I simply picked a word.
I picked a word to guide me into the new decade.
LOVE
This is my word.
I’m not talking about romantic love.
I’m talking about: Big Love, Agape Love, Self-Love.
And, mostly I am talking about Love of Life.
MY life.
The life I have in front of me.
The life I have been given.
The one that is vastly different than the one I imagined…
I am striving to love the moment I’m in.
I want to fall in love with the present (again).
I do not want to wish it away foolishly seeking more or less.
I will choose (again and again) to love the beautiful life I have.
Even though it’s not the life I imagined, I will accept it and learn to love it as completely as I loved Mike when he was alive.
I intend to live like it is the golden hour because how can I be sure it’s not.
Lofty?
Maybe.
But, I’m willing to give this alternate life a shot.
I am a fool for love.
He made me this.
Mike made me Love’s biggest Fan Girl.
I will learn to love my life as I loved him: wholly, madly, fiercely, completely, and unconditionally.
I will practice loving my life this way.
I will love my life the way he loved me when he was alive.
Love.
Love is my word today, for this coming year.
For this new decade.
For always.
In closing, I think that resolutions are bullshit; and this is why I don’t make them. I do, however, set goals. And, I work to achieve good and to be good.
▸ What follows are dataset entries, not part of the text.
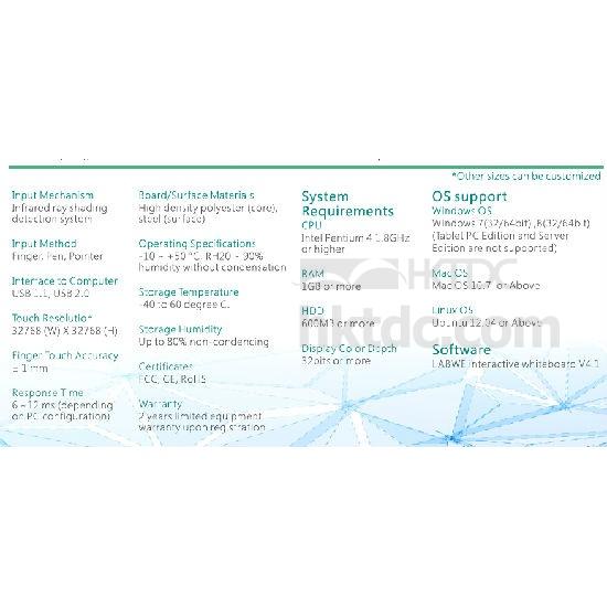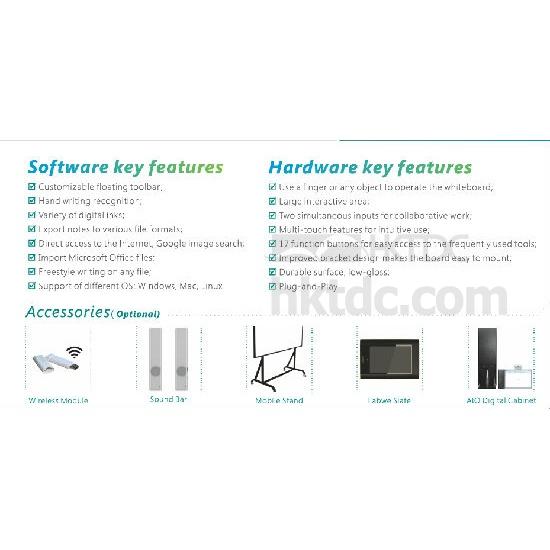 - Touch recognition: finger, stylus or any other pen or finger shaped object
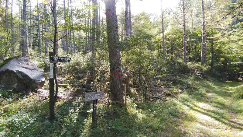尾根に上がると、途端にハッキリしたきれいな道になっていて、今までの登りとの落差に驚かされます。作業のために頻繁に歩かれているためか、一般登山道よりもずっと歩きやすく、所々に立てられた財産区境界標識がまるで登山者を導く道しるべのようです。
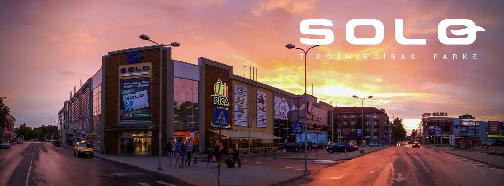 Park handlowy „SOLO” znajduje się w samym centrum Dyneburga, w jednym kompleksie z hotelem „Park Hotel Latgola”. Jest to nowoczesne i komfortowe centrum zakupowe, w którym na dwóch piętrach działają zarówno międzynarodowe marki — Lindex, Ecco, Douglas — jak i popularne w Łotwie sklepy, takie jak Stenders i Drogas.
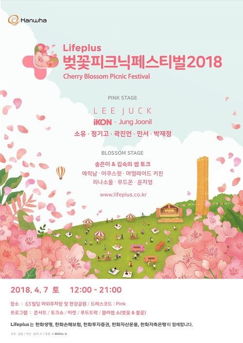 [토요경제=정종진 기자] 한화그룹 5개 금융계열회사는 14일부터 오는 4월 2일까지 봄 맞이 '라이프 플러스 벚꽃피크닉페스티벌 2018' 프로모션을 진행한다. 올해 페스티벌은 다음달 7일 개최된다.
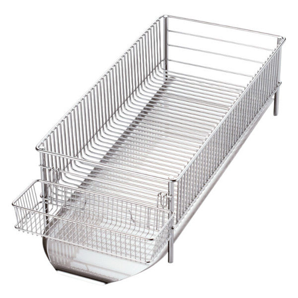 | 商品の特徴 | ●メイドインジャパンを誇れる美しく使いやすい水切りカゴです。●食器の出し入れがしやすいように浅型構造。●底のワイヤーは交差が無く、シンプルなデザイン。●ワイヤーのピッチが細かくフラットなので、皿も立てやすく、グラスを置いても安定します。●トレーは水が流れる構造で清潔です。●長い箸や包丁を安全に、しっかりと水切りできるポケット付きです。 | ||
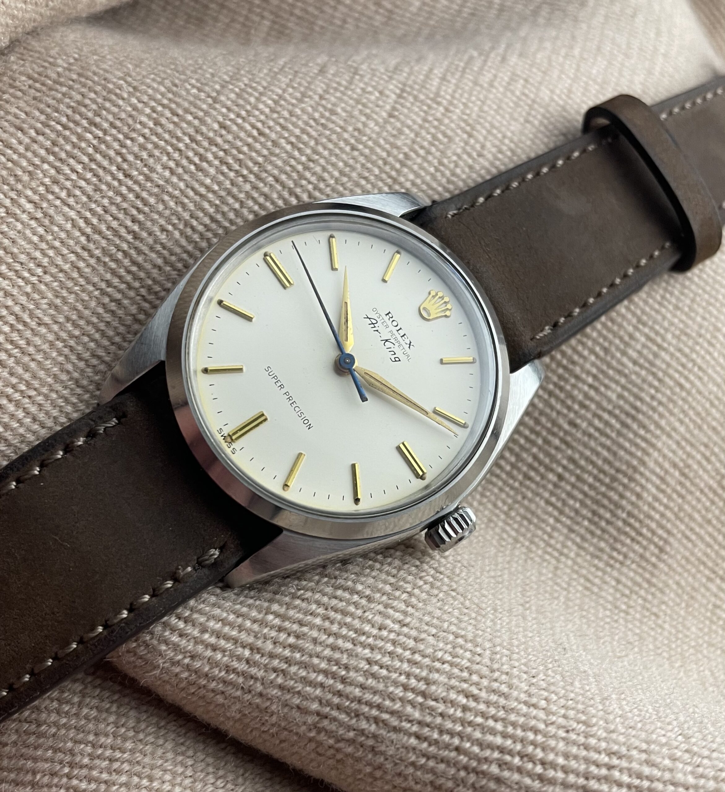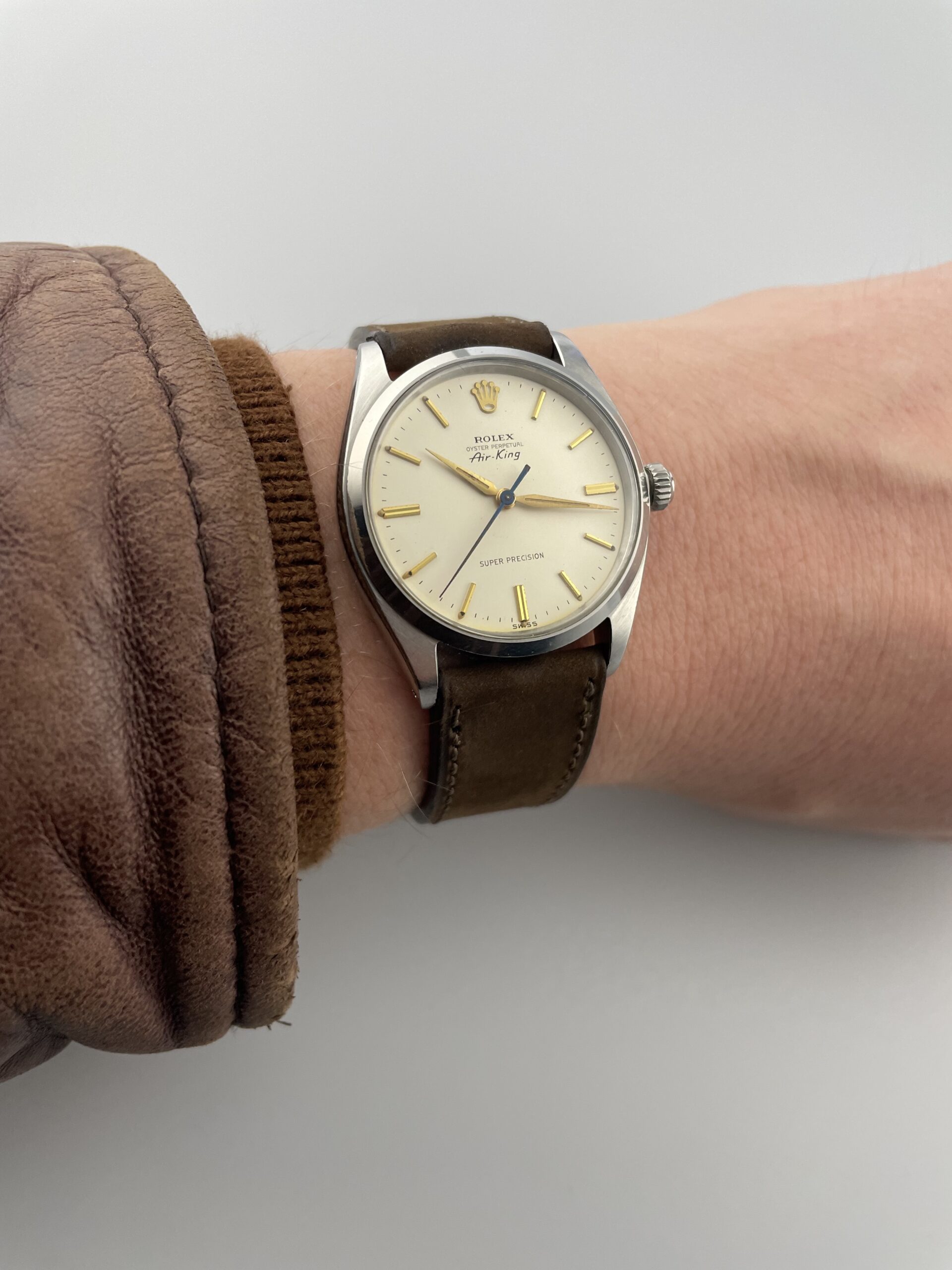 To us at perceptions, this is one of those early Rolex watches that just ticks all the boxes. Of course everyone is familiar with the datejusts and submariners. Our interest in Rolex is in the outliers, the ones that are just a little more peculiar and unique. Here we present a Rolex Air King 5500, and not just any 5500. This early model from 1961 has a lot of interesting features. Its 34mm steel case has not been polished and therefore has a strong and sharp presence. It’s dial is a glossy eggshell colour that we see on some Rolex models around 1960, which creates a very vivid dial. It has an applied gold coloured logo and indexes and beautiful alpha hands. The seconds hand is in blued steel, which gives a little extra vintage charm. It has the designation super precision on the dial, which makes it a little rarer than the regular version. At six o’clock we see the swiss signature, which indicates the watch still has radium lume. This radium lume is fully intact and has acquired a beautiful even patina.

Even without him, I can strive for these things. And, without him, I can still strive for love.
I can work to build a solid life around my grief. And, I can find a way to love life again, and so can you.
I can be loving in all that I do. I can be try to be the love he was to me. And, maybe one day I can even fall into love again.
Anything is possible.
Mike showed me this.
Mike modelled how to love life with wild abandon and that is exactly what his girl is going to do. I am going to live the best way I can.
I am going to put a smile on my face. I am going to laugh and love and live again.
It has been over three years and; finally, I am coming back to life.
I know he’s glad for this. He’s more than glad. He’s wanted this for me all along. I’ve wanted this too.